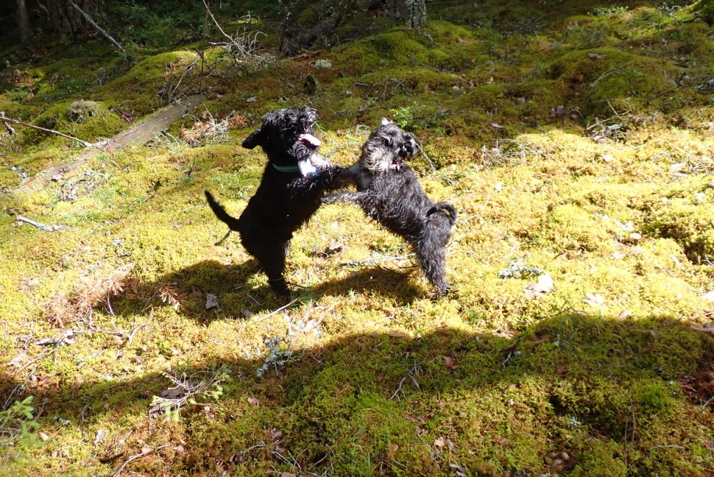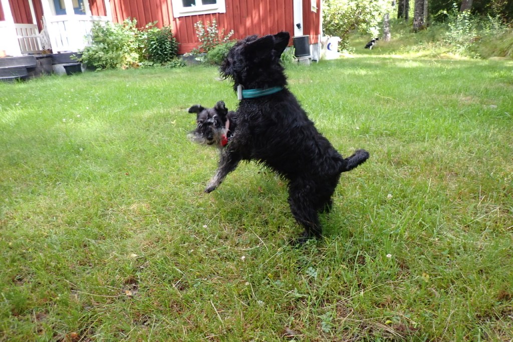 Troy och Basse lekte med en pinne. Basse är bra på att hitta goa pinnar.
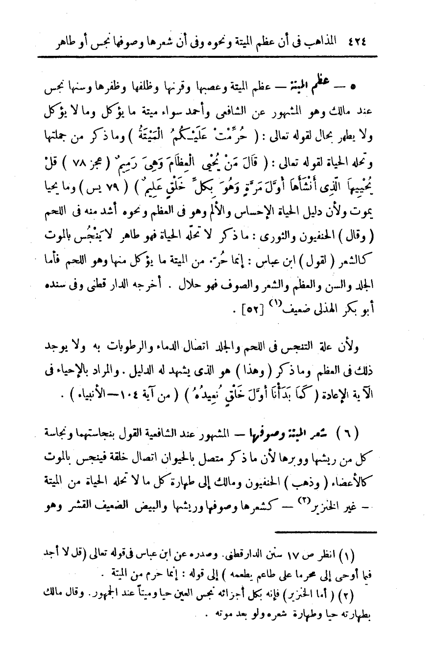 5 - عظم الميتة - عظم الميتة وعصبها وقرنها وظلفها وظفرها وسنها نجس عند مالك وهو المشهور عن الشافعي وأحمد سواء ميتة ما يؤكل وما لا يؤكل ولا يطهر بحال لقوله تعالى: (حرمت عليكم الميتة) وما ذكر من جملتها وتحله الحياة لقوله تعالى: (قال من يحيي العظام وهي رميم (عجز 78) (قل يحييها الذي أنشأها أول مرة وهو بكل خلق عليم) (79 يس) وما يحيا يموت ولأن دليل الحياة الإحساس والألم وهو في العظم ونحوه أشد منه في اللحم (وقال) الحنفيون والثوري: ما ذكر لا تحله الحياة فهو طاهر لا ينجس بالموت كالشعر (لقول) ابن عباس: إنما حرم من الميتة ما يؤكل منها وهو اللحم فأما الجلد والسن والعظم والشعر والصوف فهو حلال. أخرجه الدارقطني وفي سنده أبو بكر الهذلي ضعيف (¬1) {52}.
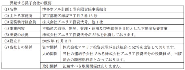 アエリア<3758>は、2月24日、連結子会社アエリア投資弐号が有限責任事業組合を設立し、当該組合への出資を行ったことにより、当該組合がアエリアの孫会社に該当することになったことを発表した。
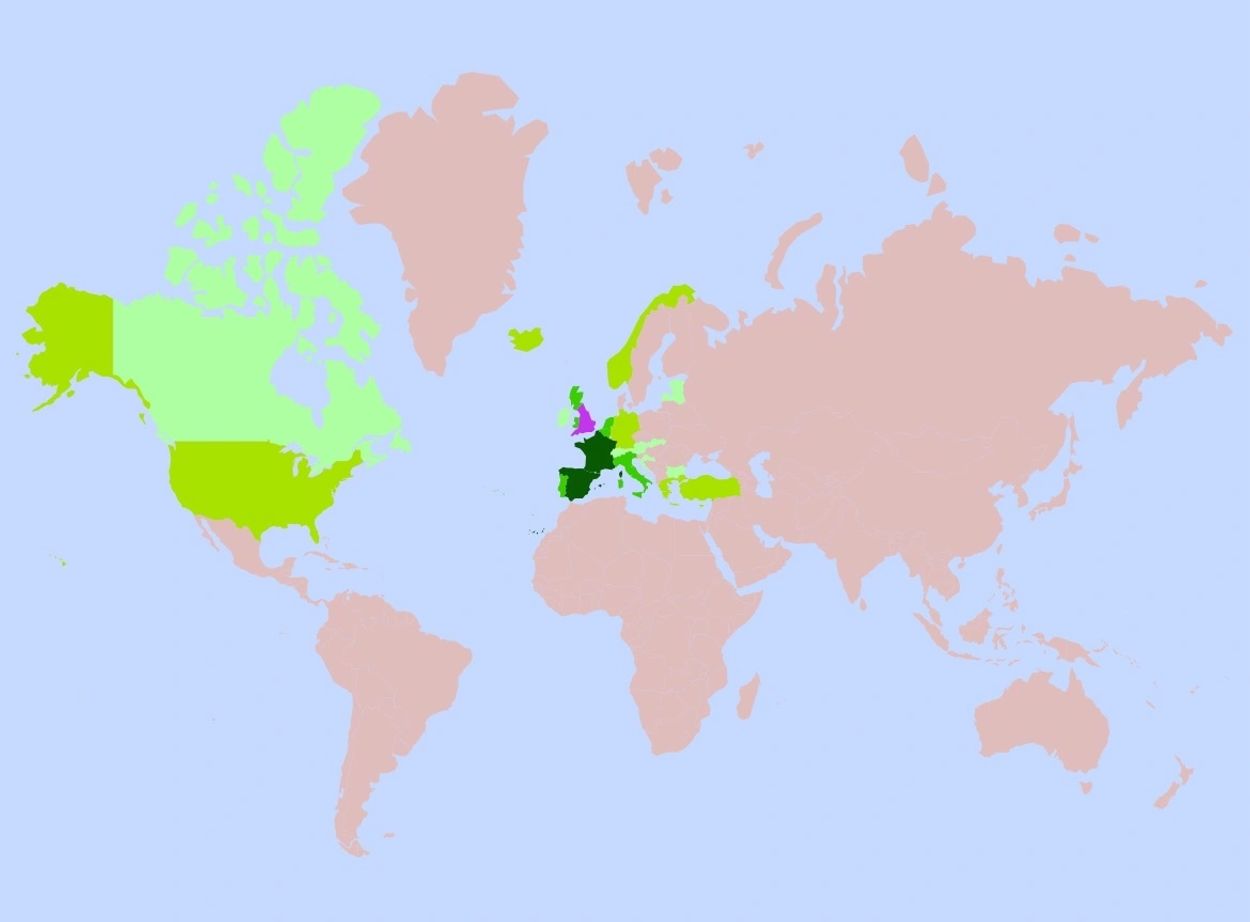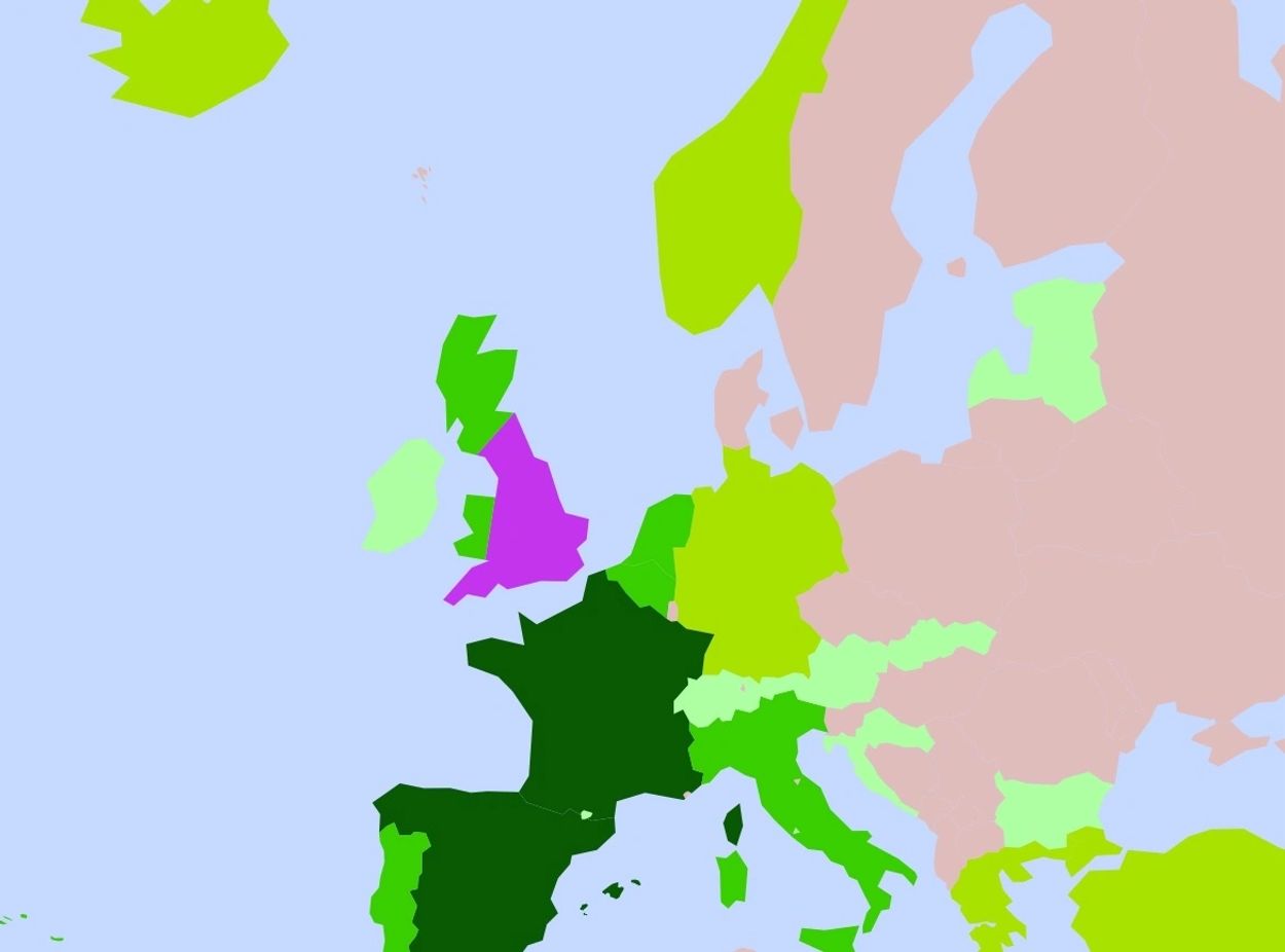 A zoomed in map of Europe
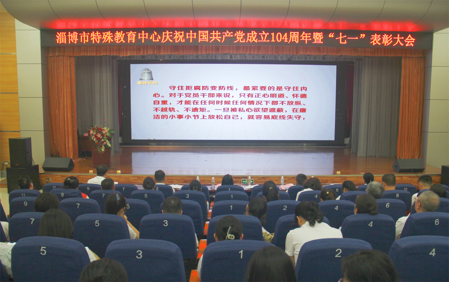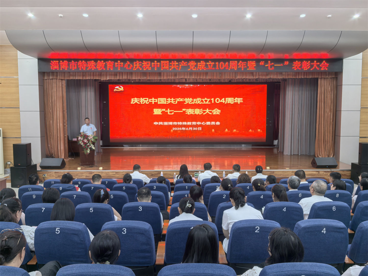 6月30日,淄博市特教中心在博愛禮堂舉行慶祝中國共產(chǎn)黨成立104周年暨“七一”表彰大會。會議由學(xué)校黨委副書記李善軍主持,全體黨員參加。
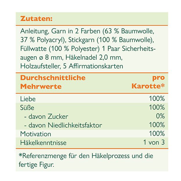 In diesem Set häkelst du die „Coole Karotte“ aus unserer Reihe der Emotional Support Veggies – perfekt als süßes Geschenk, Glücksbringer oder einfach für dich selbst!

# WHAT YOU SHOULD DO:
The records above are to be reproduced exactly; the pictures are to be left out.

# TASK RESPONSE:
 Troy och Basse lekte med en pinne. Basse är bra på att hitta goa pinnar.
 5 - عظم الميتة - عظم الميتة وعصبها وقرنها وظلفها وظفرها وسنها نجس عند مالك وهو المشهور عن الشافعي وأحمد سواء ميتة ما يؤكل وما لا يؤكل ولا يطهر بحال لقوله تعالى: (حرمت عليكم الميتة) وما ذكر من جملتها وتحله الحياة لقوله تعالى: (قال من يحيي العظام وهي رميم (عجز 78) (قل يحييها الذي أنشأها أول مرة وهو بكل خلق عليم) (79 يس) وما يحيا يموت ولأن دليل الحياة الإحساس والألم وهو في العظم ونحوه أشد منه في اللحم (وقال) الحنفيون والثوري: ما ذكر لا تحله الحياة فهو طاهر لا ينجس بالموت كالشعر (لقول) ابن عباس: إنما حرم من الميتة ما يؤكل منها وهو اللحم فأما الجلد والسن والعظم والشعر والصوف فهو حلال. أخرجه الدارقطني وفي سنده أبو بكر الهذلي ضعيف (¬1) {52}.
 アエリア<3758>は、2月24日、連結子会社アエリア投資弐号が有限責任事業組合を設立し、当該組合への出資を行ったことにより、当該組合がアエリアの孫会社に該当することになったことを発表した。
 A zoomed in map of Europe
 6月30日,淄博市特教中心在博愛禮堂舉行慶祝中國共產(chǎn)黨成立104周年暨“七一”表彰大會。會議由學(xué)校黨委副書記李善軍主持,全體黨員參加。
 In diesem Set häkelst du die „Coole Karotte“ aus unserer Reihe der Emotional Support Veggies – perfekt als süßes Geschenk, Glücksbringer oder einfach für dich selbst!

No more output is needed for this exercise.